Konsep lama "situs yang sama" tanpa perbandingan skema sekarang disebut "situs yang sama tanpa skema". Misalnya, http://www.example.com dan https://www.example.com dianggap sebagai situs yang sama tanpa skema, tetapi bukan situs yang sama, karena hanya bagian eTLD+1 yang penting dan skema tidak dipertimbangkan.
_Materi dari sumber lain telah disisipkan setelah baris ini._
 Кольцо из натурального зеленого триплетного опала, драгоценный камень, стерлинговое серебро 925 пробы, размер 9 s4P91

| Asal A | Asal B | "Situs yang sama tanpa skema" atau "lintas situs"? |
|---|---|---|
| https://www.example.com:443 | https://www.evil.com:443 | Lintas situs: domain berbeda |
| https://login.example.com:443 | Situs yang sama tanpa skema: subdomain yang berbeda tidak berpengaruh | |
| http://www.example.com:443 | Situs yang sama tanpa skema: skema yang berbeda tidak berpengaruh | |
| https://www.example.com:80 | Situs yang sama tanpa skema: port yang berbeda tidak berpengaruh | |
| https://www.example.com:443 | Situs yang sama tanpa skema: pencocokan persis | |
| https://www.example.com | Situs yang sama tanpa skema: port tidak berpengaruh |
Cara memeriksa apakah permintaan merupakan "situs yang sama", "origin yang sama", atau "lintas situs"
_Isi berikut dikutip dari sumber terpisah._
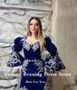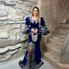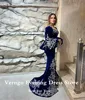 Verngo – robe de soirée en velours bleu Royal, style sirène, manches longues, avec appliques, fente latérale, pour femmes arabes
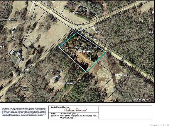 The recently incorporated Town of Van Wyck is home to this stately wooded 3-acre parcel. Situated at the intersection of Old Hickory and Rebound Roads, this property enjoys a spectacular mid-town location and overlooks the historic Moore estate and the Van Wyck Community Club. A canopy of hardwoods and pines overlay the elevated hillside with impressive homes nearby. Two new Lancaster County schools, Van Wyck Elementary and Indian Land High School, are being constructed only a few miles away creating high demand for future building lots within the area. Van Wyck is an active community with numerous functions for everyone at the Van Wyck Community Club, multiple Churches to select from, and an impassioned Van Wyck Ladies Club. The Town of Van Wyck is a highly desired residential haven offering a comfortable and satisfying lifestyle.

Semua browser modern mengirim permintaan dengan
header HTTP Sec-Fetch-Site.
Header memiliki salah satu nilai berikut:
cross-sitesame-site(mengacu pada situs yang sama dengan skema)same-originnone
Anda dapat memeriksa nilai Sec-Fetch-Site untuk menentukan apakah permintaan tersebut memiliki situs yang sama, origin yang sama, atau lintas situs.
Anda dapat memercayai nilai header Sec-Fetch-Site secara wajar, karena:
- Header HTTP yang dimulai dengan
Sec-tidak dapat diubah oleh JavaScript - Browser selalu menetapkan judul ini.